Most adults know that healthy eating is essential for optimal health. We understand that drinking plenty of water, eating nutritious food, and watching what we put into our body is crucial for staying healthy.
Passing this information on to children isn’t always at the front of our minds, but it’s a valuable lesson. After all, this isn’t just about the food we eat; it’s the lifestyle it offers. After all, children can’t prepare their food, understand what they’re eating, nor make conscious health choices based on previous education.
For early years providers, this role is essential. Your job isn’t only providing nutritious food; it’s also vital to teach young children why it’s good for the body in a way they can understand.
Understanding Obesity in Children
According to Public Health England, nearly 25% of children in reception are considered overweight. There are several risk factors for obese children, including parental health (when at least one parent is obese) and maternal health (if a woman is overweight or obese throughout pregnancy). One significant causal factor to the excess weight is poor diets; highly processed food, sugary drinks, and high-fat meals.
For children facing obesity status, pre-diabetes, breathing difficulties, and high cholesterol can develop quite rapidly as the body’s physical health declines. The impact of obesity in children isn’t just physical. There’s a strong association with poor emotional and psychological health; many children become bullied or face low self-esteem as a result.
How early is too early to adopt healthy eating?
Facing these statistics, the notion of too early doesn’t exist. The goal for all children should be education, information, and opportunity. Children should be encouraged to make healthy choices as soon as possible, as effortlessly as possible.
Healthy eating habits aren’t just within the home; as early care providers, the onus falls within the centre to deliver healthy, nutritious meals and snacks throughout the day. If you’re looking for a few ways to implement healthy eating strategies for your children, consider the following ideas:
1. Always be the role model. Children will often imitate what they see, especially if it’s someone they trust. Getting involved with snack time doesn’t have to be a big production. Just set a good example in what you eat and watch your children do the same.
2. Let the Children Create Their Masterpiece. When children are given the option of eat or starve they most often will choose the latter. New foods are intimidating, and picky palettes can make textures or flavours challenging to handle. Consider giving your children a few different snack options and let them choose what they’d like to add to their plate.
3. Make Food Fun. Rather than serving ordinary fruits and vegetables, purchase a few small cookie cutters and go wild. Cucumbers can transform into hearts, cheese can become stars, or fruits can become a rainbow.
4. Let the Children Help. While children may not have the skill to chop and prepare their snacks, they can get involved with “meal planning”. Find several photos of different fruits and vegetables and post them to a class wall. Ask each child what food they’d like to try (either individually or as a group). This may not work in every setting, but it can be a fun exploration game for younger children.
5. Offer Choices. Every child will prefer specific foods, but that doesn’t mean they can’t try new ones. When setting out a snack, give the children an option between two vegetables or fruits. For example, “would you like carrots or cauliflower?”
6. Always offer dip. Whether you’re serving fruits, vegetables, crackers, or salad, having different dips or dressings can always encourage children to try new foods. Consider a low-fat salad dressing, hummus, guacamole, or low-fat ranch dip.
7. Offer different types of protein. A centre needs to branch out from animal-based protein. Protein comes from a wide variety of sources; this includes fish, beans, legumes, dairy, tofu, and whey protein. Plenty of vegetarian meals can be high in protein too.
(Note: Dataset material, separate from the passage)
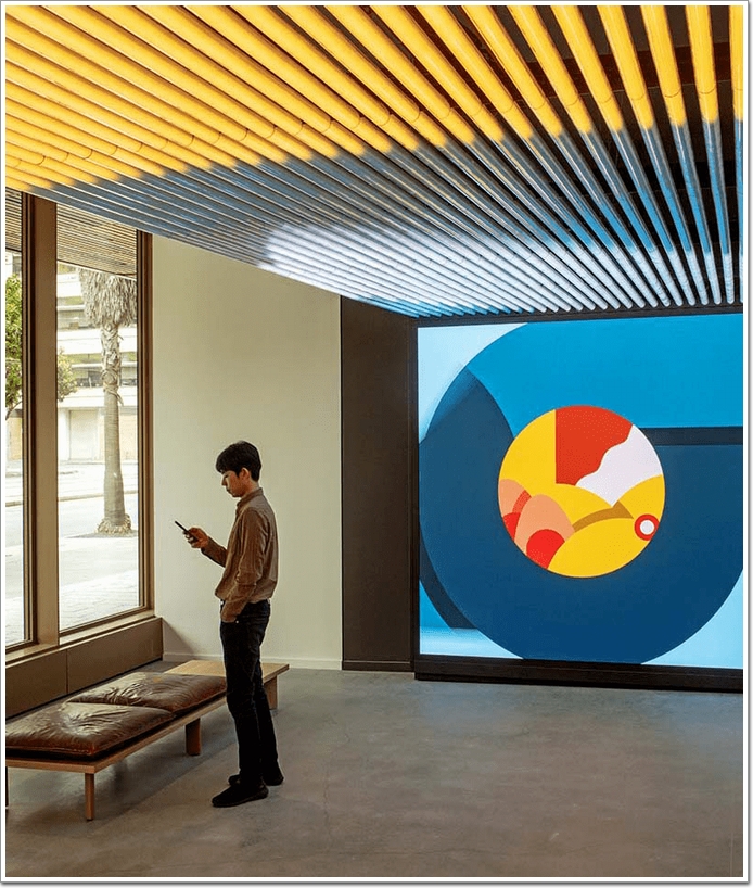 通長連續的燈光管線沿著空間長軸從頂面一直延伸至盡頭的影像墻。
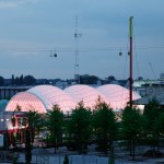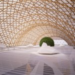 Despite construction problems, the abrupt replacement of the engineer, months long construction delays, and the necessary addition of a PVC membrane over the paper membrane for fire safety issues, the Pavilions has been a great leap forward in the field of paper architecture. The main theme of the Hanover Expo was the environment and the basic concept behind the Japan Pavilion was to create a structure that would produce as little industrial waste as possible when it was dismantled. The goal was either to recycle or reuse almost all of the materials that went into the building. The first structural idea was for a tunnel arch of paper tubes, similar to the Paper Dome. However, the Paper Dome was limited by the high cost of wooden joints. I proposed a grid shell using lengthy paper tubing and without joints to my collaborator, Frei Otto. The tunnel arch would be about 73.8m long, 25m wide, and 15.9m high. The most critical factor was lateral strain along the long side, so instead of a simple arch I chose a grid shell of three-dimensional curved lines with indentations in the height and width directions, which are stronger when it comes to lateral strain.

8. Teach children about balance. For most children, trying to understand diet and nutrition isn’t a linear progression. There will always be setbacks when it comes to healthy eating, and that’s okay. You don’t want an impressionable child to be afraid of processed food! Educate children on the importance of healthy eating while still allowing the occasional treat.
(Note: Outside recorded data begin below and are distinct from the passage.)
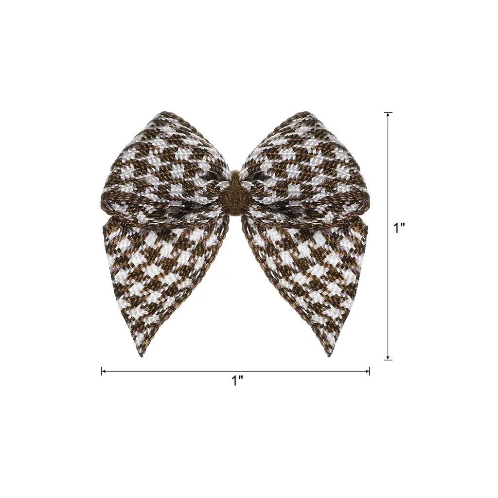 What is this?These ribbon bows are mostly used in the hemming and decoration of leather goods, bags, sleeping bags, tents, and clothing. Because polyester ribbon is soft, they are mostly used for the hemming of softer fabrics.What will I get?The Mini Ribbon Bow, we provide here, is in size of:Material: PolyesterColor: BrownDimension: 1 x 1 inch (W*H)In the package of: 100 x Mini Ribbon BowsAre there any advantages of the product?Polyester material, fine texture, high washing fastness, no fading, smooth and wrinkle-resistant, flexible to the touch.The product is bright in color, fashionable and new in design, and can be used on many occasions. It is suitable for hair accessories, clothing, Christmas gifts, baking decorations, gift box packaging, hotel decorations, wedding decorations, flower packaging, birthday arrangements, etc.How to use it?1. Choose the color of the Mini Ribbon Bow that matches your project or gift wrapping paper. 2. Use twist ties (not included here) or or glue to secure the mini ribbon bows to desired surfaces such as gift boxes, cards, or crafts. 3. Adjust the position of the bow if necessary to get the desired look.What should I notice?Manual measurement, please allow +/-3mm errors in size.Please note that there may be a slight color difference between the picture and the actual product, and the color is subject to the actual product received.
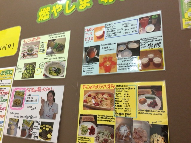 また栄養素が豊富に含まれていますので、栄養補給にも役立てれます。粉末になっているので、お水に溶かすだけでなく、お料理に使えたりもします。という事で、スタッフさん手書きの燃やしま専科を使っての料理のレシピです。手書きPOPありがとうございます。
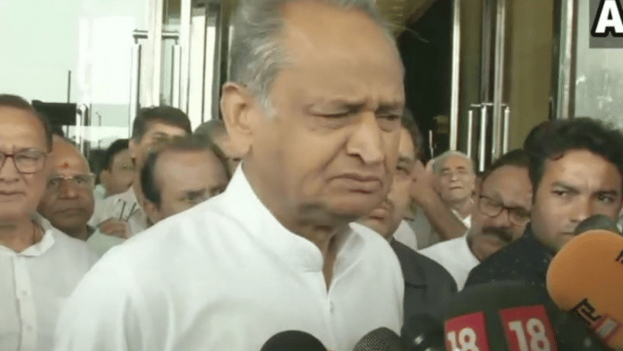 राजस्थान के बाहरी उम्मीदवारों को कांग्रेस द्वारा चुनाव में उतारे जाने को मुद्दा बनाये जाने के सवाल पर गहलोत ने कहा, ‘आज जो हालात है.. पूरा देश चिंतित है.. तनाव में, हिंसा में है, ऐसे माहौल में तीन वरिष्ठ नेताओं को अगर बदला गया है तो सोच समझ कर किया गया है, पार्टी के हित में किया गया है.’

9. Remember proper portion sizes. As adults, we have become accustomed to eating platefuls of food without a second thought. For young children, you’ll want to lower your expectation considerably. Offer children one tablespoon of food for every year of age (for example, if a child is 4, serve four tablespoons of food).
10. Open communication during snack time. Children are adept at multitasking, making it the perfect opportunity to talk about nutrition during snack or mealtimes. Ask the children what they enjoy about the meal and how the specific food helps their body in age-appropriate language.
11. Switch out refined grains for whole-grain substitutes. One of the most manageable changes to make at your facility is the substitution of refined grains. According to Harvard, the quality of the grain is just as important as the quantity. Meaning, serving whole grains give children maximum health benefits while still being tasty.
12. Allow the child to end the meal. While eating nutritious food is essential, recognizing when they feel full is equally beneficial. By allowing your children to stop eating when they no longer feel hungry, they’ll learn to regulate their bodies. Refrain from asking the child to clear their plate at meals and snack time unless they have a medical reason on file.